The Center for New Data

VP of Data Engineering

Remote USA Only Published 3 weeks ago

The Center for New Data ( is dedicated to measuring and addressing disparities and inequities in society. Bringing together industry data scientists and data engineers; socially conscious tech companies and impact organizations; and data journalists and academic researchers to use data for good is key to the Center's success in tackling pressing social problems. Examples of recent projects:

  • Observing Democracy program focused on measuring barriers to equitable voting access, profiled by The New York Times and cited extensively by Stacey Abrams and the NAACP.
  • Covid Alliance program monitoring the implications of superspreader events, profiled by the Washington Post and leveraged by public health departments across the country.
  • A new program in development focused on measuring social determinants of health, in partnership with HBCU research institutions.

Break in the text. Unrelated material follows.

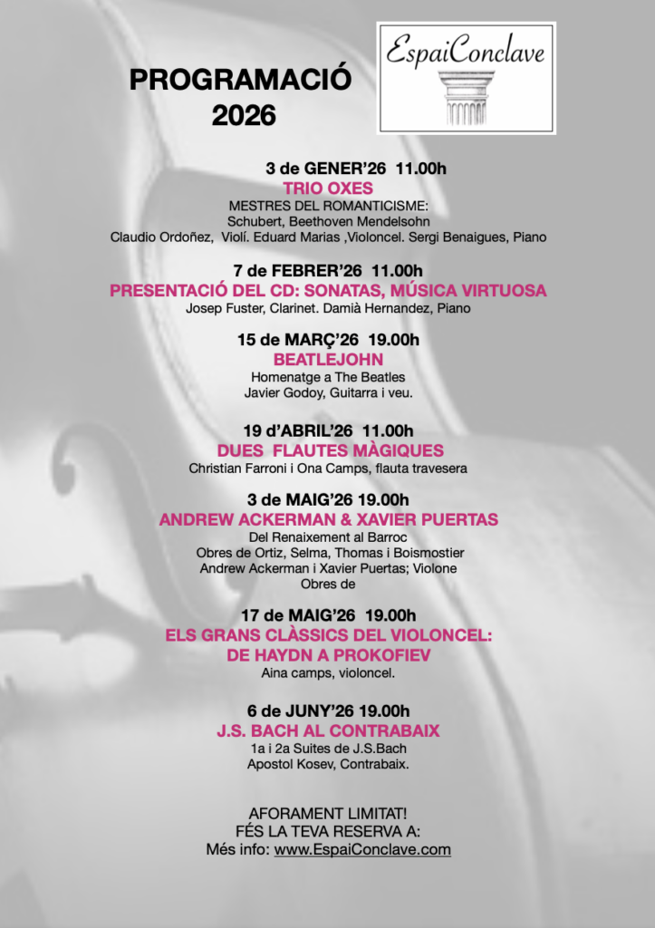 EspaiConclave és un punt de trobada i amistat. Un espai per gaudir de l’art i la cultura i per sentir-se en familia. Les nostres activitats son en petit format amb aforament limitat per poder tenir una millor connexió amb els nostres convidats. Vine a gaudir de la cultura i a practicar la fraternitat!
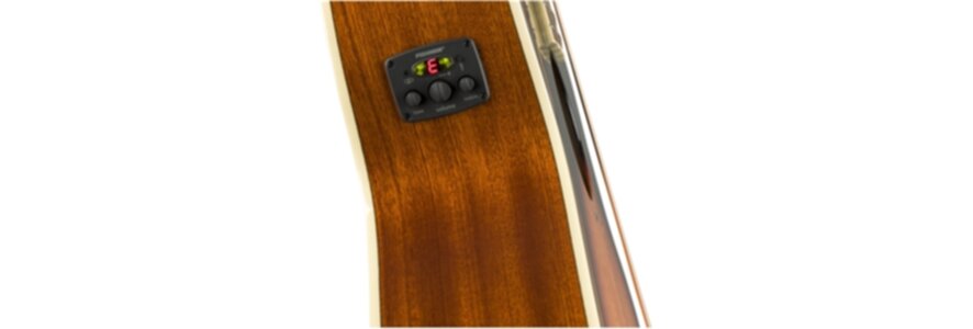 For amplified performances. the onboard Fishman® preamp system offers crystal-clear sound along with volume, bass and treble controls to precisely shape your tone. The luxurious flame maple top enhances articulation, lending a crisp attack to the mahogany back and sides’ rich, warm voice.

Nature of Work & the Ideal Candidate

The ideal candidate will be able to organize design sessions with team leaders and ensure projects are scoped and resourced for success. This role will make high-level decisions and help scale analysis, data pipelines, and data visualization efforts at the speed necessary to make timely impacts on current issues.

Oversight will include organizing and resourcing cross-functional teams in coordination with our director of partnerships and volunteer sourcing partners. You will support development of the technology roadmap in collaboration with the executive director. Experience running a cross-functional engineering organization will be helpful.

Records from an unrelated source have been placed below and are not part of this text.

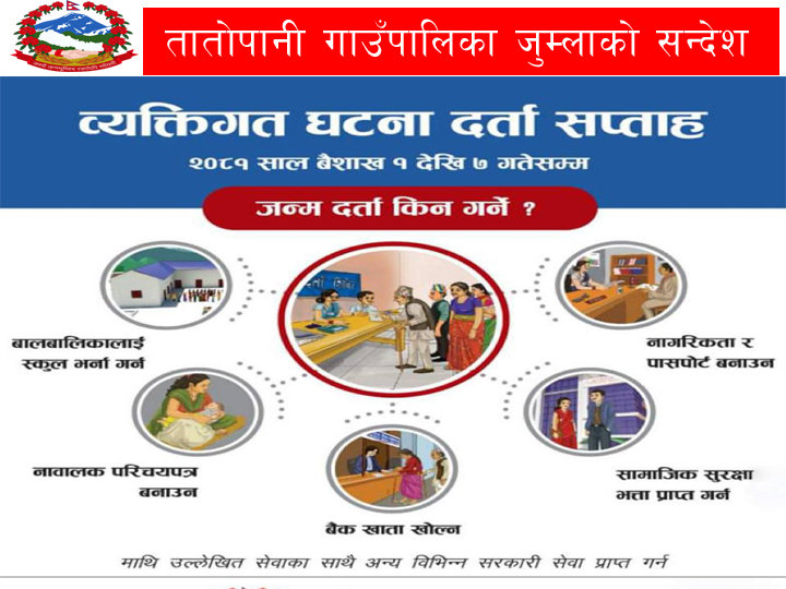 घटना दर्ता सम्बन्धि ताताेपानी गाउँपालिकाकाे सन्देश
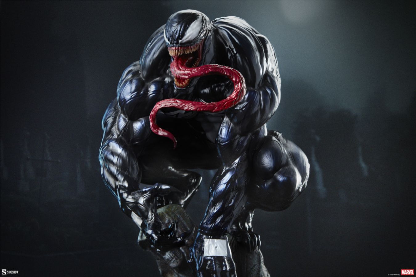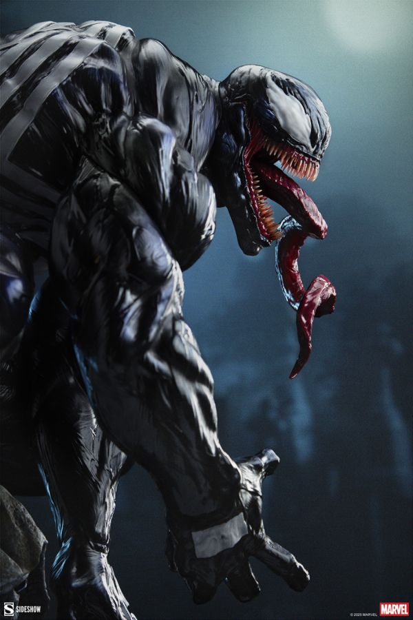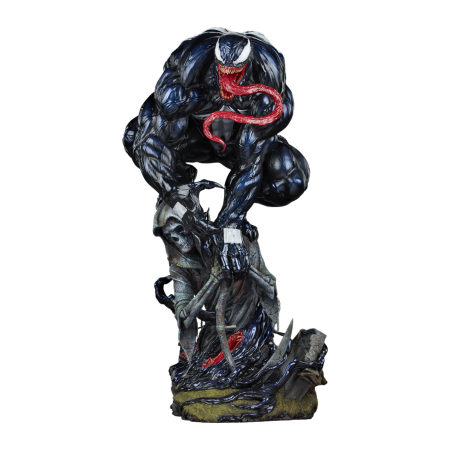 Hatred makes the heart grow fonder! Measuring 23.25" tall, 11.8" wide, and 13.8" deep, the Venom Premium Format Figure finds Eddie Brock and Venom bonded over their shared enemy, Spider-Man. Crouched atop a stone reaper, Venom embodies the chilling message of death and darkness imbued in that decrepit statue. Swirling, shadowy symbiotes swarm below the alien antihero like tar spreading over the graveyard, devouring everything in their path - just as Venom will do with those sharp teeth and terrifying tongue.
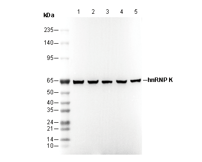 hnRNP K Antibody [K21N19] recognizes endogenous levels of total hnRNP K protein.

Big data engineering, ETL processing, and machine learning experience will be important, as the organization has over 2 trillion rows of data so scalability matters. Cloud-based databases like Snowflake and dimensional modeling and ETL best-practices will be applied, in order to manage the heart of the Center for New Data's data platform.

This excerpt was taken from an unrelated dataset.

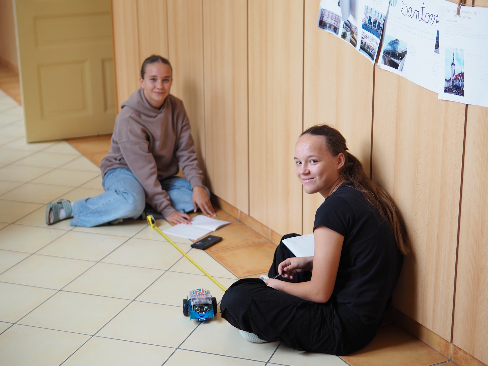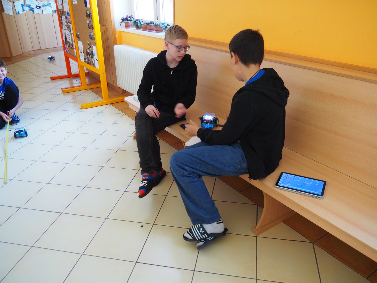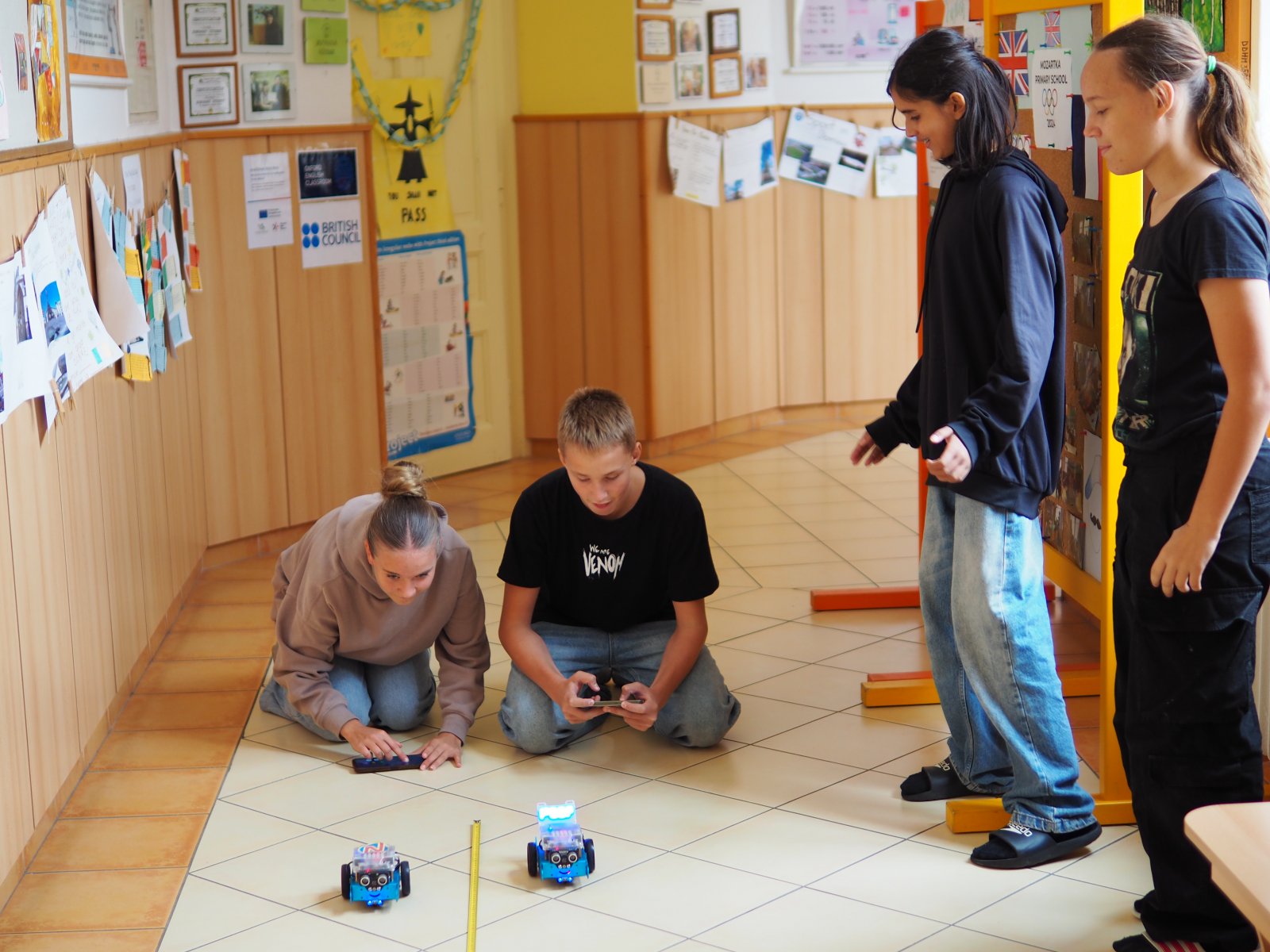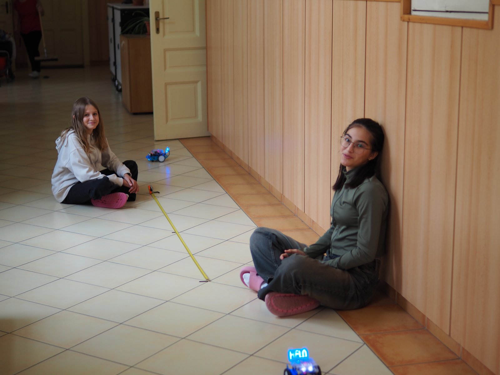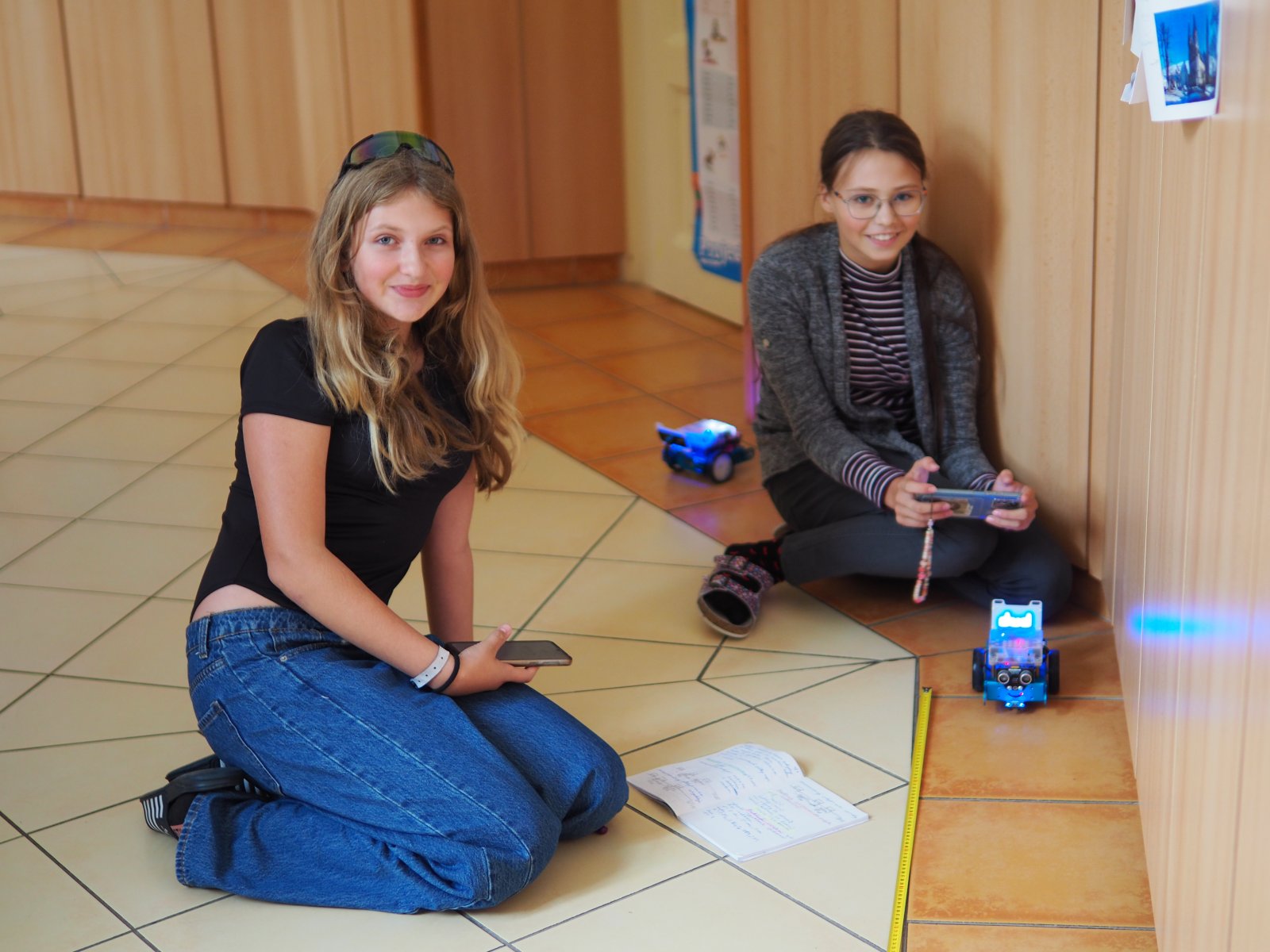 Dráha za čas. Tak zněla nápověda pro naše žáky 7. ročníku, kteří měli za úkol zjistit rychlost oblíbeného mBota. Na chodbě si každá dvojice žáků vymezila svoji dráhu, změřila čas a z naměřených hodnot vypočítala rychlost.

Strategic, Technical & Managerial Responsibilities

  • The position will be influential, as it is designed to carry on the responsibilities currently managed by our organization's founder and interim CTO.
  • Supporting technical roadmap development and managing cross-team dependencies.
  • Assessing the resourcing requirements of the engineering teams and working with the volunteer coordinator to ensure proper resourcing and support.
  • Designing technical architecture in line with strategic planning (supported by industry-leading data engineering architect volunteers). Guides teams in anticipation of future use cases and help them make design decisions to minimize the cost of future changes.
  • Works with leadership on strategic organizational plans. Consistently works at a strategic level, influencing decisions to achieve organizational alignment on major goals.
  • Critically review technical operations and programs, ensuring it's appropriately broken down and prioritized across the organization.
  • Managing and collaborating with high-skilled volunteers to ensure smooth implementation of projects and operation of the platform.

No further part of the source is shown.